● INFORMATION GIVEN:
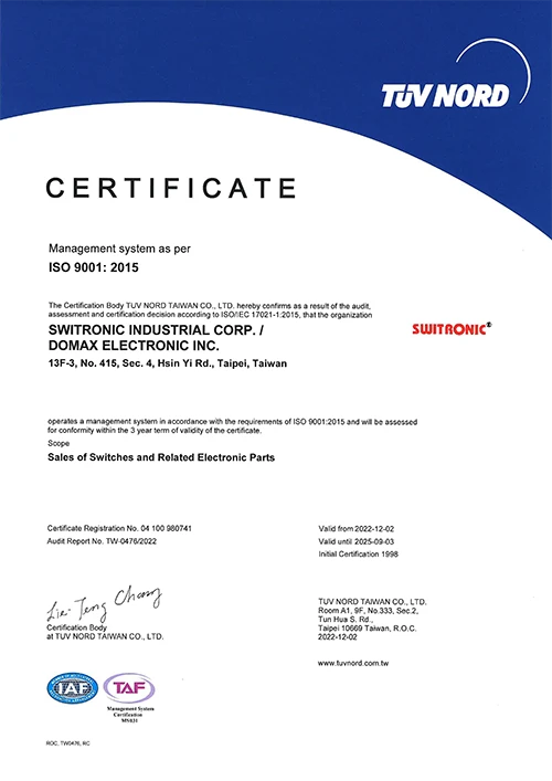 一綺電子為ISO 9001品質認證之公司,所有產品皆符合綠色環保規範。我們以嚴謹的品質管理,確保每一顆開關皆達到最高標準。
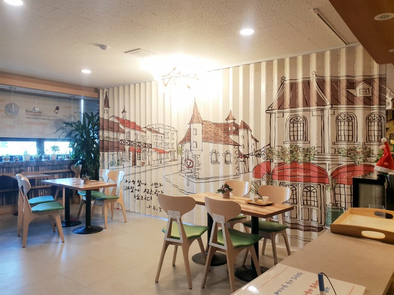 카페공간 분리 목적으로 설치된 실사홀딩도어(자바라)입니다.
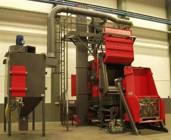 1.清理室——清理室为大容腔板式箱形组焊结构,室体内壁衬有ZGMn13耐磨防护板,清理作业在密封的容腔内进行。达到提高工件表面及内在质量的目的,并终提高机械产品和金属型材的抗腐蚀能力和提高钢材的抗疲劳性能,延长其使用寿命;这是很容易处置废物。
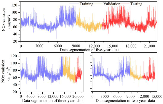 Heysem et al. [16] used the first three years of data for training and validation and the last two years for testing to ensure repeatability and comparability of the work. To demonstrate the predictive effect of the prediction model more clearly, this paper considers whether to extract some of the data for prediction presentation. Kochueva and Nikolskii [40] examine the possibility of treating the entire five-year dataset as a unified training set to develop a single model or determining whether it is essential to partition the data based on either the year or the season. In the paper, the authors mention that the median NOx emissions in 2014 and 2015 were 10% lower than in 2011–2013. To validate the viability of the proposed model in this study, the data can be split into two subsets. One subset includes the 2011–2013 dataset, and the second subset includes the 2014–2015 dataset.
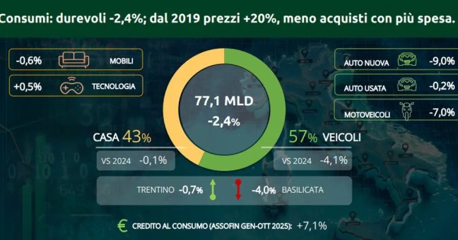 ROMA (ITALPRESS) – Dopo due anni di crescita il motore dei beni durevoli si ferma: a fine 2025 il comparto segnerà consumi in calo del 2,3% in volume e del 2,4% in valore, per una spesa complessiva che da 79 miliardi scivola a 77,1 miliardi. E’ la fotografia scattata dal 32° Osservatorio Findomestic, realizzato insieme a Prometeia, per un mercato che resta comunque su livelli più alti rispetto al pre-Covid, non per un aumento dei volumi acquistati ma esclusivamente per l’incremento dei prezzi che in 6 anni sfiora il 20%. A determinare il segno meno è soprattutto la mobilità, il segmento che da solo vale il 57% della spesa delle famiglie in beni durevoli. Qui la frenata è evidente, con le auto nuove in calo del 9% a valore. La casa – mobili e tecnologia – resta invece impantanata in una stagnazione che dura dal 2023, dopo gli exploit del triennio post-pandemico. Sul fronte territoriale, le tre locomotive storiche – Lombardia, Lazio e Veneto – perdono tra il 2,6 e il 2,8%. Resiste meglio l’Emilia-Romagna (-1,8%), che quasi aggancia il podio nella graduatoria per volumi di spesa.

● BRIEF:
Looking at the listing above, which lines run from the one containing "카페공간 분리 목적으로 설치된 실사홀딩도어(자바라)입니다." through the one containing "1.清理室——清理室为大容腔"? Print exactly those, ends included, pictures excluded.

● ANSWER BELOW:
 카페공간 분리 목적으로 설치된 실사홀딩도어(자바라)입니다.
 1.清理室——清理室为大容腔板式箱形组焊结构,室体内壁衬有ZGMn13耐磨防护板,清理作业在密封的容腔内进行。达到提高工件表面及内在质量的目的,并终提高机械产品和金属型材的抗腐蚀能力和提高钢材的抗疲劳性能,延长其使用寿命;这是很容易处置废物。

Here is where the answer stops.